Task item: Could you transcribe the records below exactly, leaving out every picture?

Records shown:
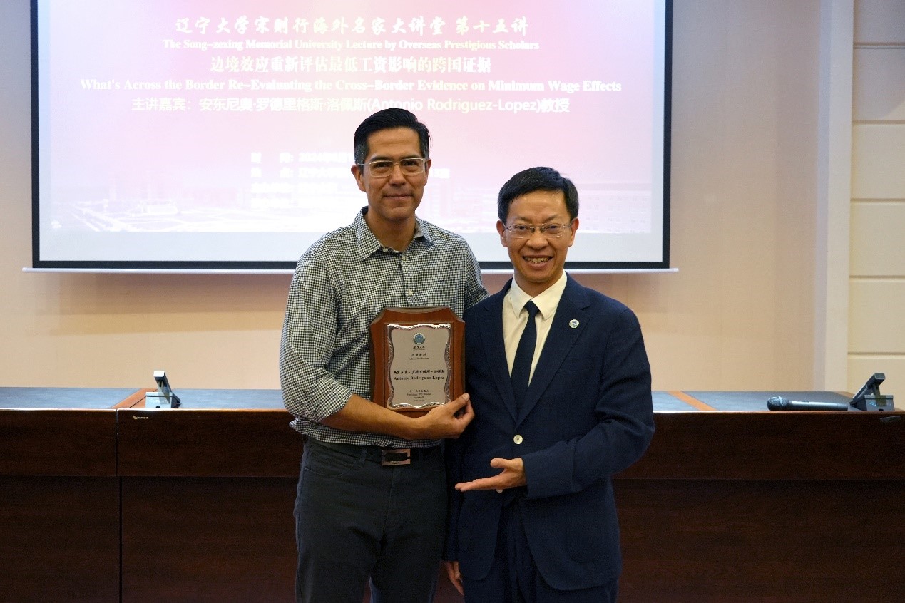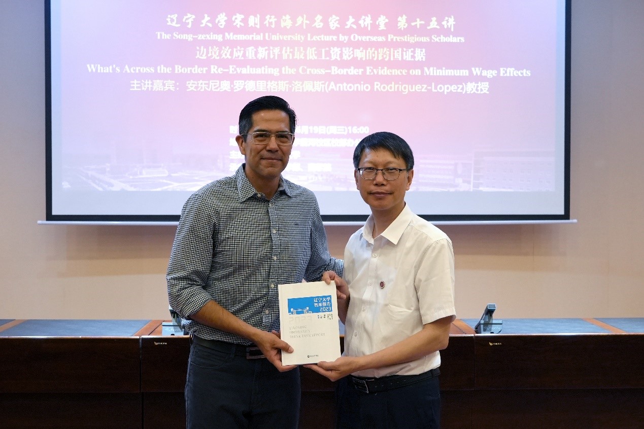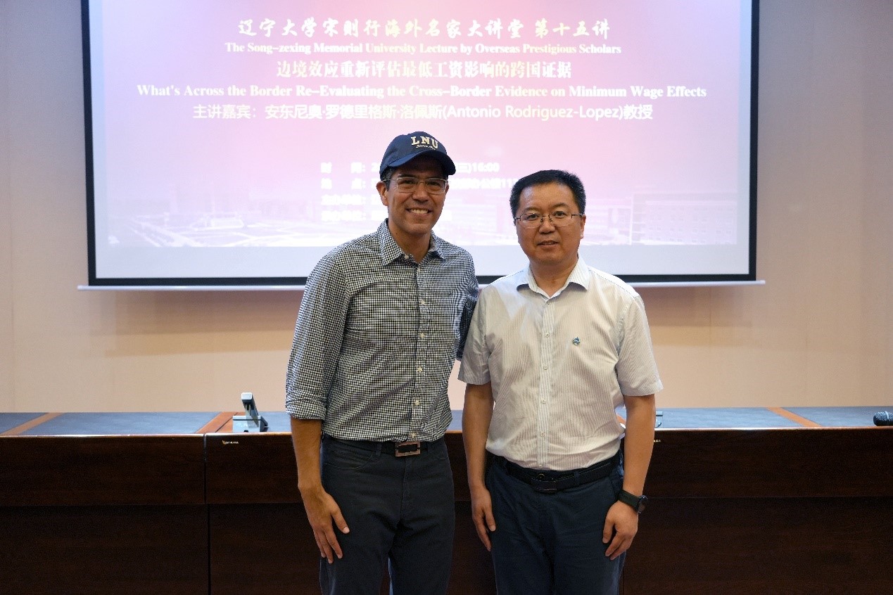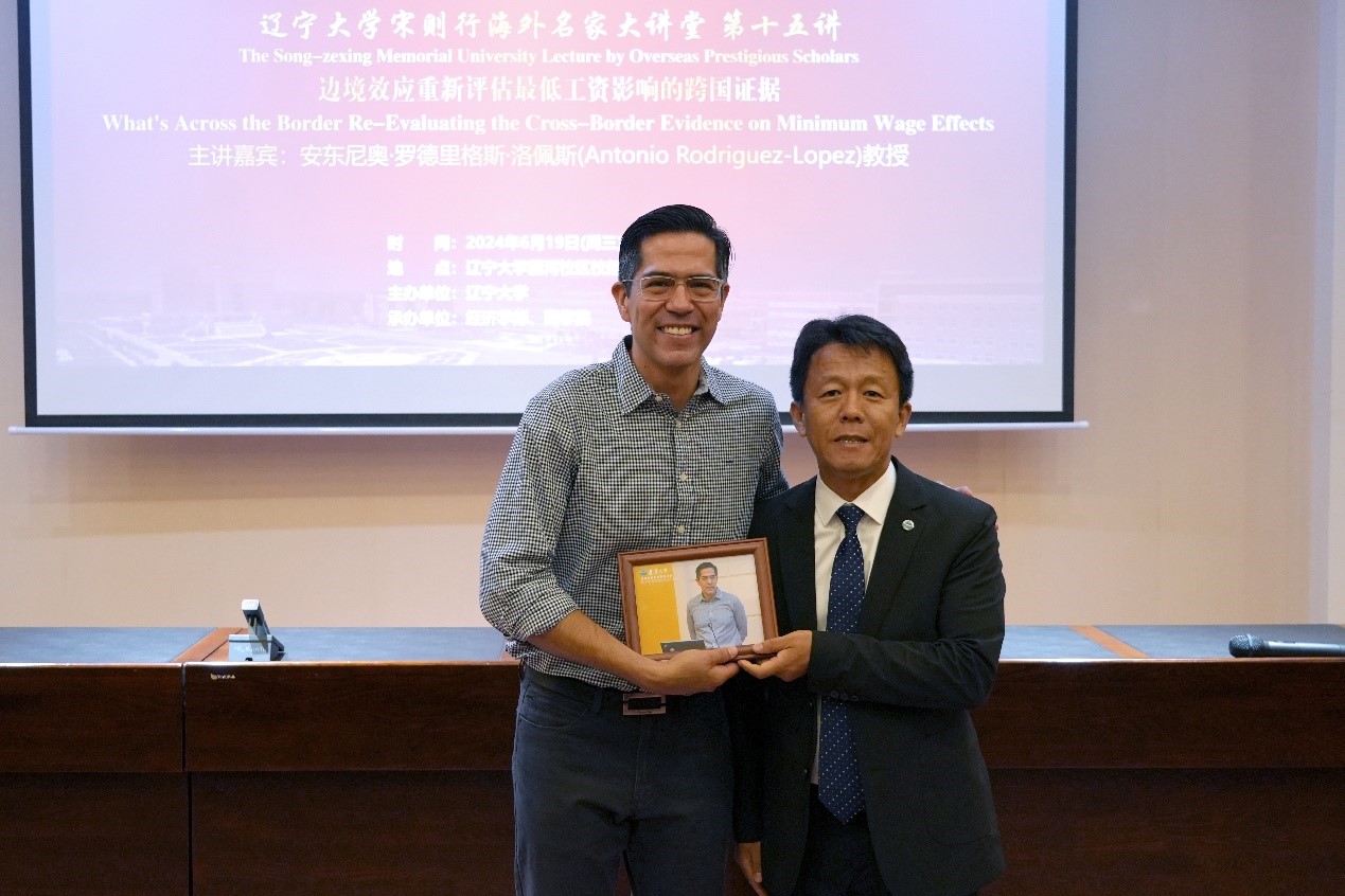 6月19日下午,由经济学部、商学院承办的辽宁大学宋则行海外名家大讲堂(第十五讲)在辽宁大学蒲河校区校部办公楼113室举行。加州大学欧文分校安东尼奥・罗德里格斯・洛佩斯教授应邀作了题为《What's Across the Border? Re-Evaluating the Cross-Border Evidence on Minimum Wage Effects》的学术报告。辽宁大学党委副书记、校长余淼杰教授出席大讲堂并进行了嘉宾介绍。辽宁大学副校长仇焕广教授主持讲座。经济学部120多位师生参加了讲座活动。
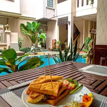 Comme nous sommes arrivés tard, nous nous sommes affrontés pour nous reposer. L'ambiance et les environs étaient calmes et agréables. J'aime les décorations de style balinais dans les chambres.
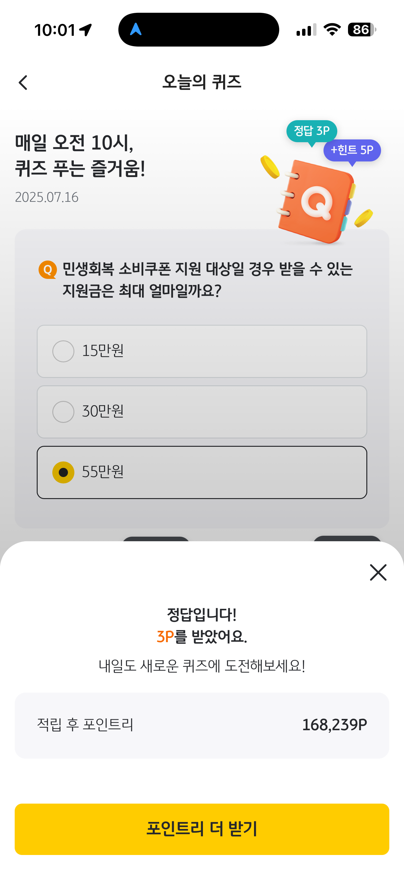 KB pay 오늘의 퀴즈 7월 16일 정답(민생회복 소비쿠폰 지원 대상일 경우 받을 수 있는 지원금은 최대 얼마일까요?)
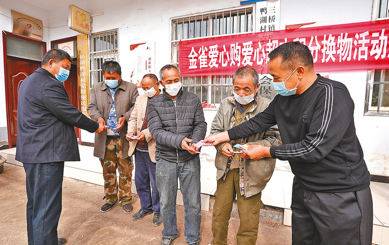 10月28日,在河南金雀电子商务有限公司的努力下,汝南县20多家乡村爱心超市积分兑换物品活动
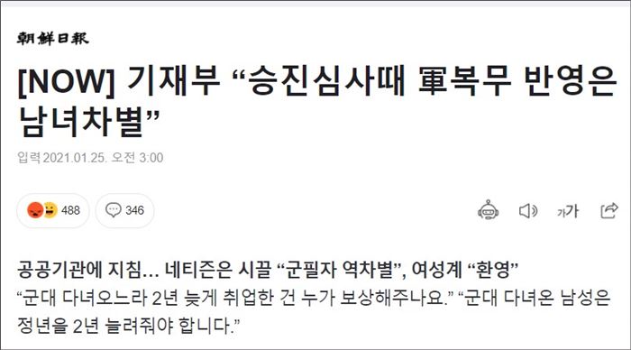 이런 분위기에서 그간 큰 화제가 된 적 없었던 이 사안이 기재부의 전격적인 지침으로 도마에 올랐다. 군복무에 대한 보상이 전무하고, 여성징병 청원이 나흘만에 20만명을 넘기는 등 성별 갈등의 뇌관인 군대 문제가 다시 현안으로 부각되고 있는 것이다.
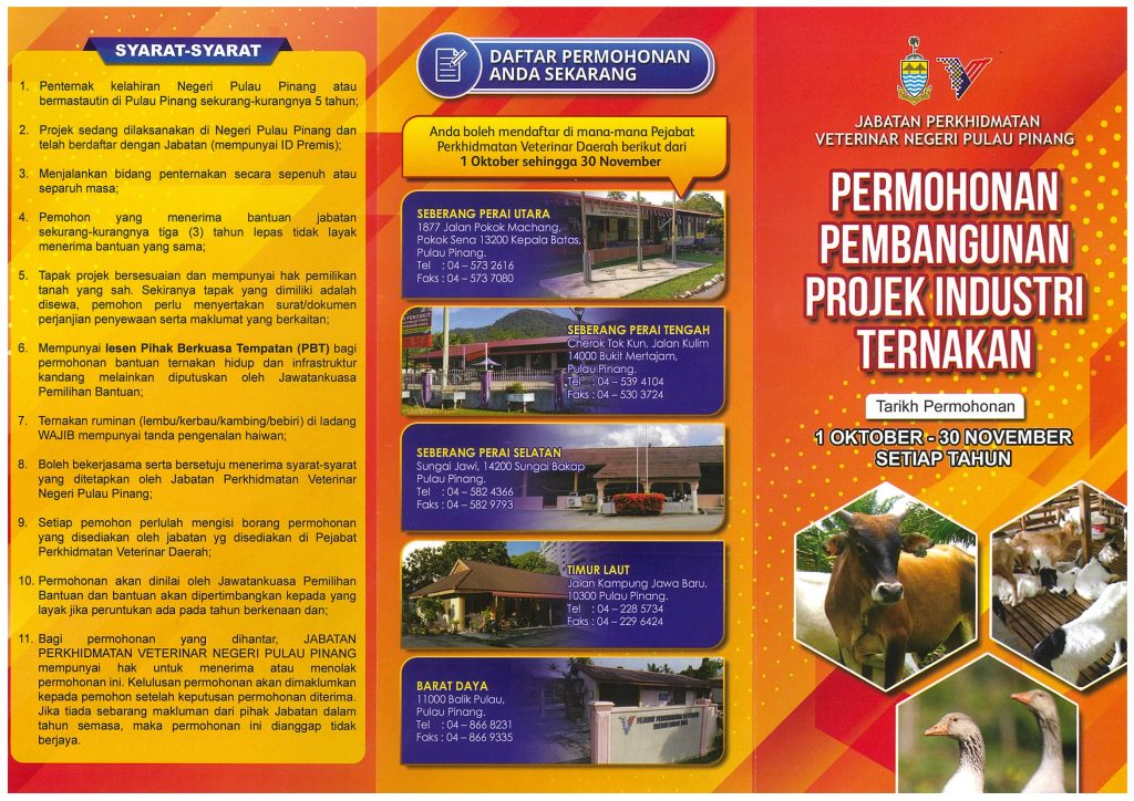 Jabatan Perkhidmatan Veterinar Negeri Pulau Pinang mengalu-alukan para penternak yang ingin memohon bantuan menerusi Pembangunan Projek Industri Ternakan.
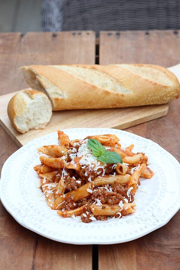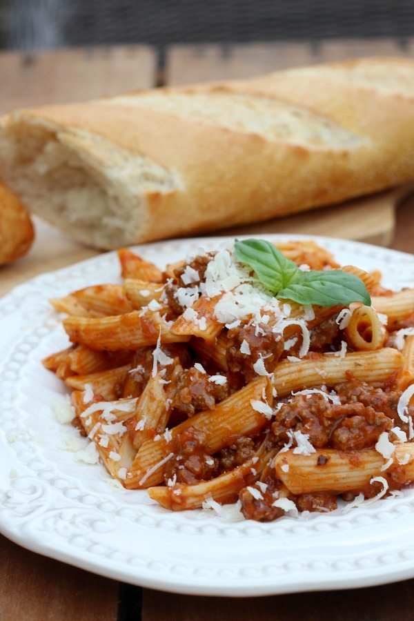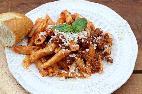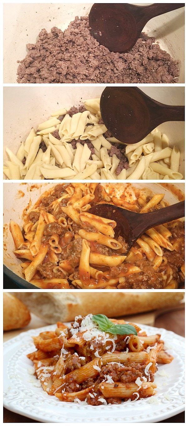 Everything you need in one package, it comes with lean ground beef, cooked pasta and marinara sauce. All I did was brown the ground beef, drain, add pasta and sauce. Easy as could be. And it only required one pot. I grated a little fresh parmesan cheese to top it off. We also added bread with this meal but a salad would be great too!

Your response:
 6月19日下午,由经济学部、商学院承办的辽宁大学宋则行海外名家大讲堂(第十五讲)在辽宁大学蒲河校区校部办公楼113室举行。加州大学欧文分校安东尼奥・罗德里格斯・洛佩斯教授应邀作了题为《What's Across the Border? Re-Evaluating the Cross-Border Evidence on Minimum Wage Effects》的学术报告。辽宁大学党委副书记、校长余淼杰教授出席大讲堂并进行了嘉宾介绍。辽宁大学副校长仇焕广教授主持讲座。经济学部120多位师生参加了讲座活动。
 Comme nous sommes arrivés tard, nous nous sommes affrontés pour nous reposer. L'ambiance et les environs étaient calmes et agréables. J'aime les décorations de style balinais dans les chambres.
 KB pay 오늘의 퀴즈 7월 16일 정답(민생회복 소비쿠폰 지원 대상일 경우 받을 수 있는 지원금은 최대 얼마일까요?)
 10月28日,在河南金雀电子商务有限公司的努力下,汝南县20多家乡村爱心超市积分兑换物品活动
 이런 분위기에서 그간 큰 화제가 된 적 없었던 이 사안이 기재부의 전격적인 지침으로 도마에 올랐다. 군복무에 대한 보상이 전무하고, 여성징병 청원이 나흘만에 20만명을 넘기는 등 성별 갈등의 뇌관인 군대 문제가 다시 현안으로 부각되고 있는 것이다.
 Jabatan Perkhidmatan Veterinar Negeri Pulau Pinang mengalu-alukan para penternak yang ingin memohon bantuan menerusi Pembangunan Projek Industri Ternakan.
 Everything you need in one package, it comes with lean ground beef, cooked pasta and marinara sauce. All I did was brown the ground beef, drain, add pasta and sauce. Easy as could be. And it only required one pot. I grated a little fresh parmesan cheese to top it off. We also added bread with this meal but a salad would be great too!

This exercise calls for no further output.